Repeat every record exactly as written, but leave out the pictures.

* PROVIDED DATA
========================================
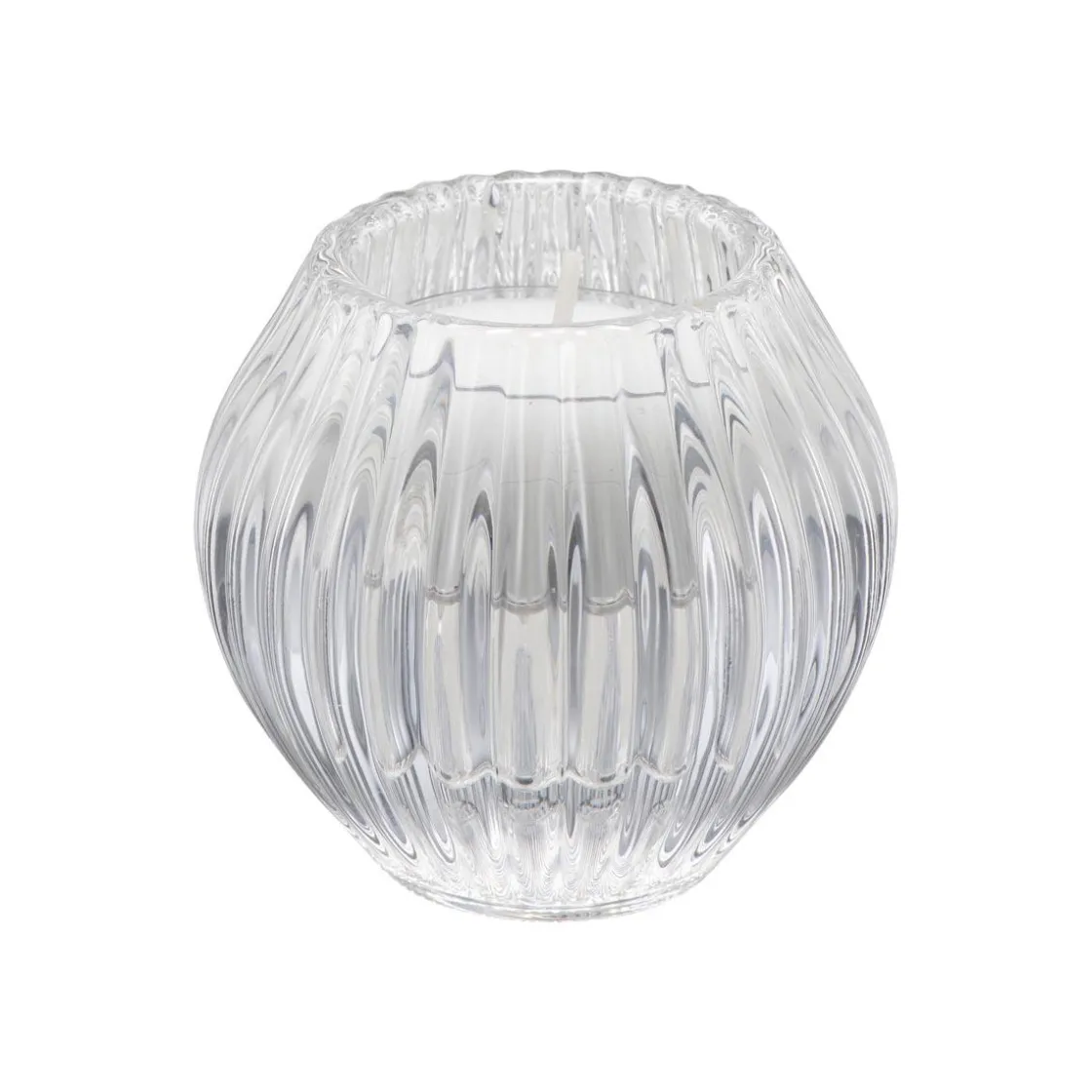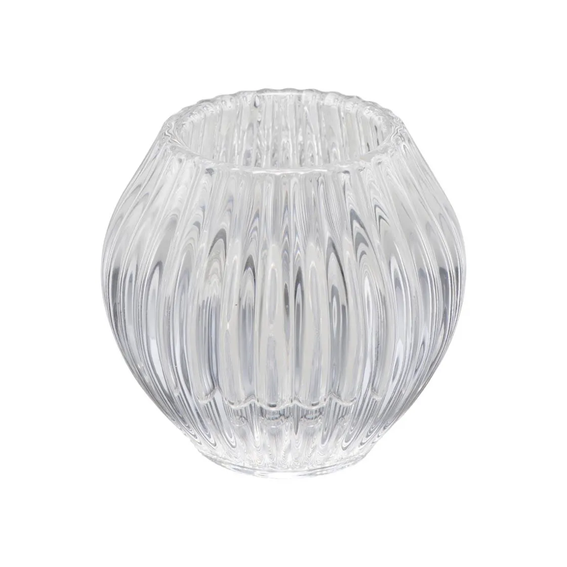 Denne kombi lysestaken gir deg to i én – telys i den ene enden, kronelys i den andre. Den buede formen og de rillede sidene gir et mykt spill i glasset, spesielt når lyset tennes. Glasset er klart og solid, og passer like fint alene som i en gruppe med flere. Bytt mellom telys og kronelys etter humør og anledning, eller miks ulike høyder for mer liv på bordet eller samle på et .
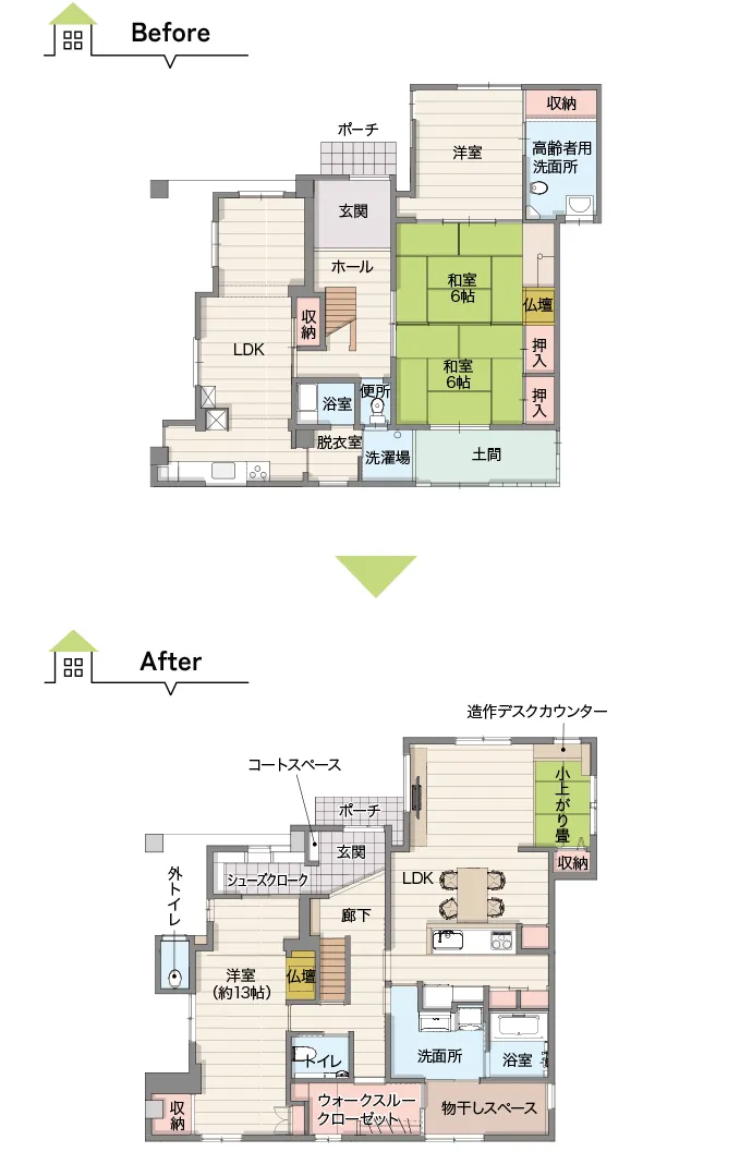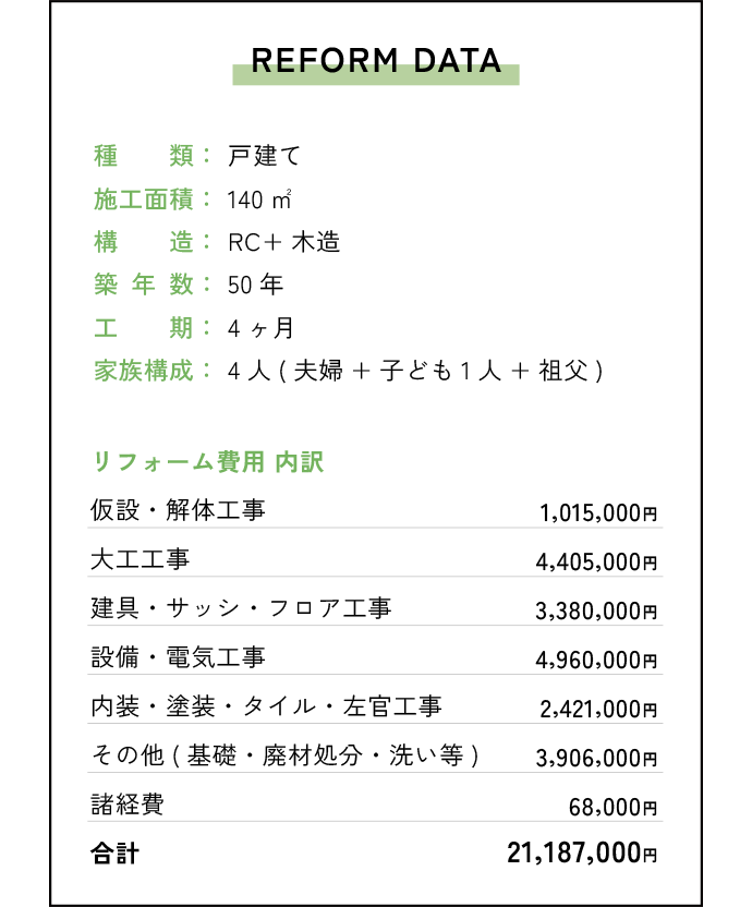 水まわりの動線をまとめたことで子育てがしやすくなり、家事負担が軽減しました。家族の集まるLDKは、一番明るく広い場所へ間取りを変更。多目的な畳スペースの設置で2世帯でくつろげるようになりました。
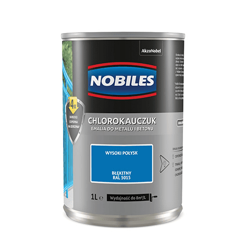Farba chlorokauczukowa Chlorokauczuk RAL 5015 1 l NOBILES jest przeznaczona do ochronno-dekoracyjnego malowania powierzchni stalowych, żeliwnych i betonowych na zewnątrz. Gwarantuje ona 4 razy większą odporność na działanie czynników atmosferycznych, zarysowania i uderzenia. Dzięki temu podłoże zachowa swój intensywny kolor i estetyczny wygląd na dłużej. Pożądany efekt uzyskasz już po nałożeniu 2 warstw produktu za pomocą pędzla lub wałka.
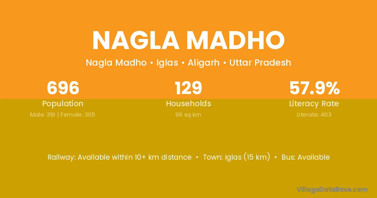 Iglas (15 km) is the nearest town to Nagla Madho village for major economic activities and is located approximately 15 km away.
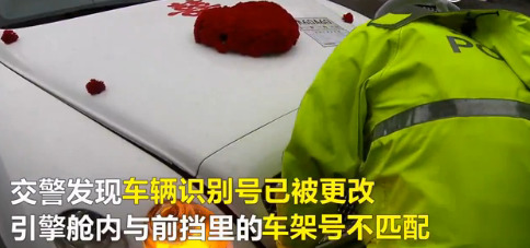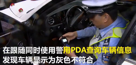 民警在跟隨過程中,使用警用PDA查詢車輛信息,發現登記車輛為灰色,明顯不是眼前的白色跑車,隨即將婚車車隊攔停后,詢問駕駛員車輛來源。
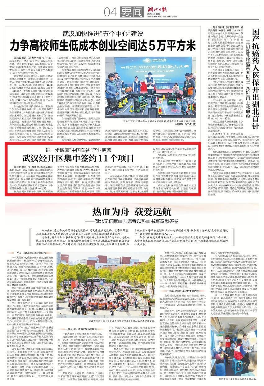 1月5日,湖北日?qǐng)?bào)要聞版報(bào)道:進(jìn)一步增厚“中國車谷”產(chǎn)業(yè)底蘊(yùn) 武漢經(jīng)開區(qū)集中簽約11個(gè)項(xiàng)目
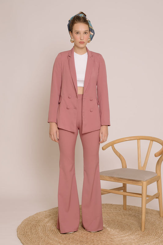 BUENA SET Bow Top with V Neckline and Flared High Waist Pant (Old Rose Crepe)
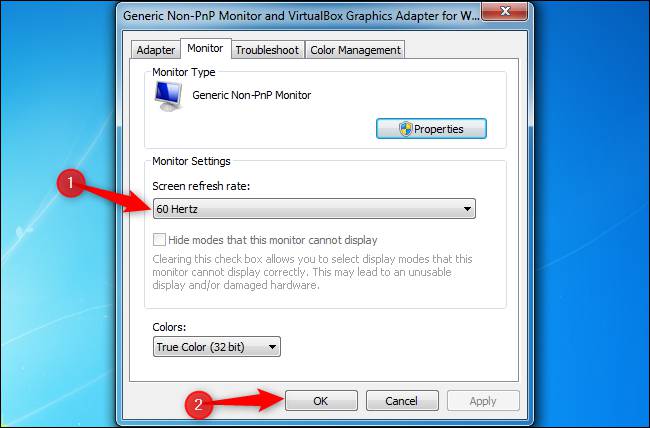 پس از نمایش پنجرهی «Properties» وارد زبانهی «Monitor» شده و سپس رفرش ریت مورد نظر خود را از بخش «Screen Refresh Rate» برگزینید. در نهایت بر روی «OK» کلیک کنید تا تغییرات شما فورا اعمال شوند.
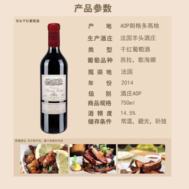 酒精度:14.5%、 规格:750ml*6、 产地:法国、 2瓶起免费配送
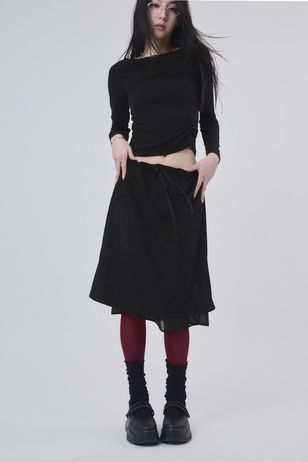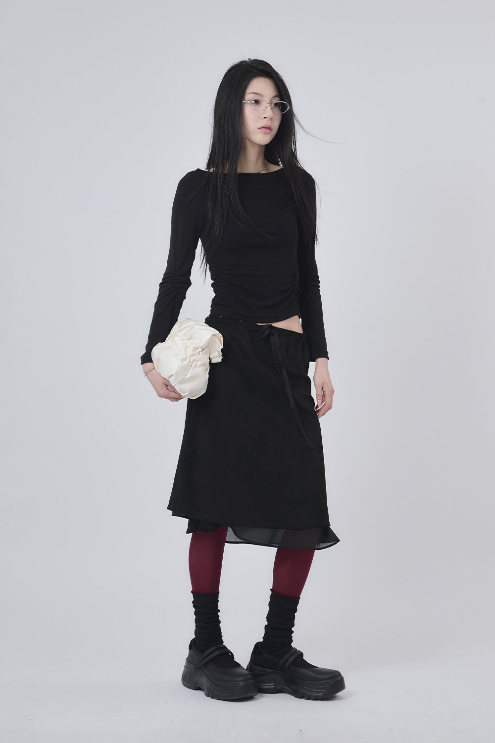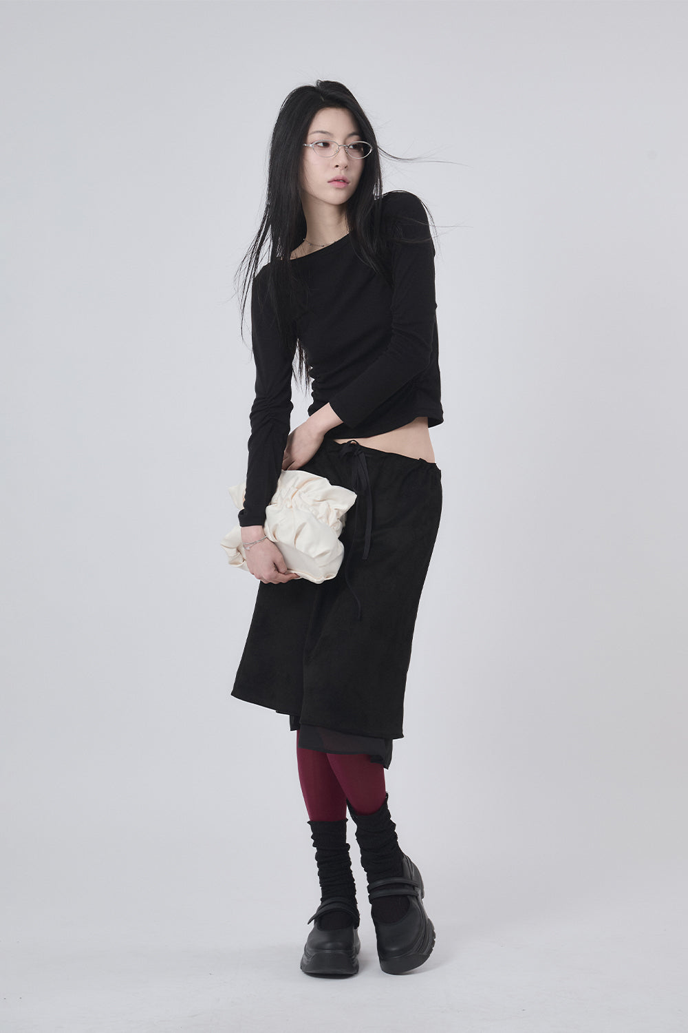 パーツシャーリングワイドネッククロップ長袖Tシャツ
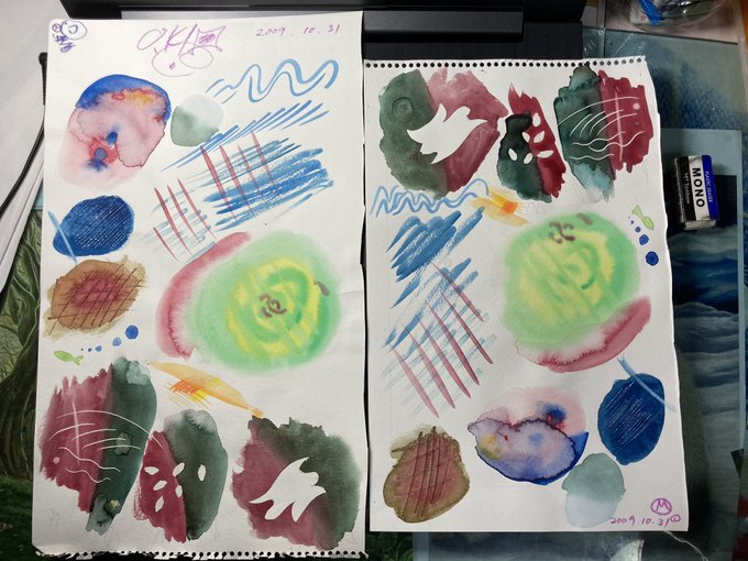 いまどうしてる? HPに載せる写真を探していたら、多分紙のテストで色々やったやつ出てきたので...マスキングだったり、引っ掻きだったり...☺️ 🖼油彩の途中絵100号は 渋谷に越して行った息子の部屋が空いたので、そこに追いやられたままです😂 #水彩 #油彩画 #Watercolor #oilpainting
========================================
* ANSWER BOX
 Denne kombi lysestaken gir deg to i én – telys i den ene enden, kronelys i den andre. Den buede formen og de rillede sidene gir et mykt spill i glasset, spesielt når lyset tennes. Glasset er klart og solid, og passer like fint alene som i en gruppe med flere. Bytt mellom telys og kronelys etter humør og anledning, eller miks ulike høyder for mer liv på bordet eller samle på et .
 水まわりの動線をまとめたことで子育てがしやすくなり、家事負担が軽減しました。家族の集まるLDKは、一番明るく広い場所へ間取りを変更。多目的な畳スペースの設置で2世帯でくつろげるようになりました。
Farba chlorokauczukowa Chlorokauczuk RAL 5015 1 l NOBILES jest przeznaczona do ochronno-dekoracyjnego malowania powierzchni stalowych, żeliwnych i betonowych na zewnątrz. Gwarantuje ona 4 razy większą odporność na działanie czynników atmosferycznych, zarysowania i uderzenia. Dzięki temu podłoże zachowa swój intensywny kolor i estetyczny wygląd na dłużej. Pożądany efekt uzyskasz już po nałożeniu 2 warstw produktu za pomocą pędzla lub wałka.
 Iglas (15 km) is the nearest town to Nagla Madho village for major economic activities and is located approximately 15 km away.
 民警在跟隨過程中,使用警用PDA查詢車輛信息,發現登記車輛為灰色,明顯不是眼前的白色跑車,隨即將婚車車隊攔停后,詢問駕駛員車輛來源。
 1月5日,湖北日?qǐng)?bào)要聞版報(bào)道:進(jìn)一步增厚“中國車谷”產(chǎn)業(yè)底蘊(yùn) 武漢經(jīng)開區(qū)集中簽約11個(gè)項(xiàng)目
 BUENA SET Bow Top with V Neckline and Flared High Waist Pant (Old Rose Crepe)
 پس از نمایش پنجرهی «Properties» وارد زبانهی «Monitor» شده و سپس رفرش ریت مورد نظر خود را از بخش «Screen Refresh Rate» برگزینید. در نهایت بر روی «OK» کلیک کنید تا تغییرات شما فورا اعمال شوند.
 酒精度:14.5%、 规格:750ml*6、 产地:法国、 2瓶起免费配送
 パーツシャーリングワイドネッククロップ長袖Tシャツ
 いまどうしてる? HPに載せる写真を探していたら、多分紙のテストで色々やったやつ出てきたので...マスキングだったり、引っ掻きだったり...☺️ 🖼油彩の途中絵100号は 渋谷に越して行った息子の部屋が空いたので、そこに追いやられたままです😂 #水彩 #油彩画 #Watercolor #oilpainting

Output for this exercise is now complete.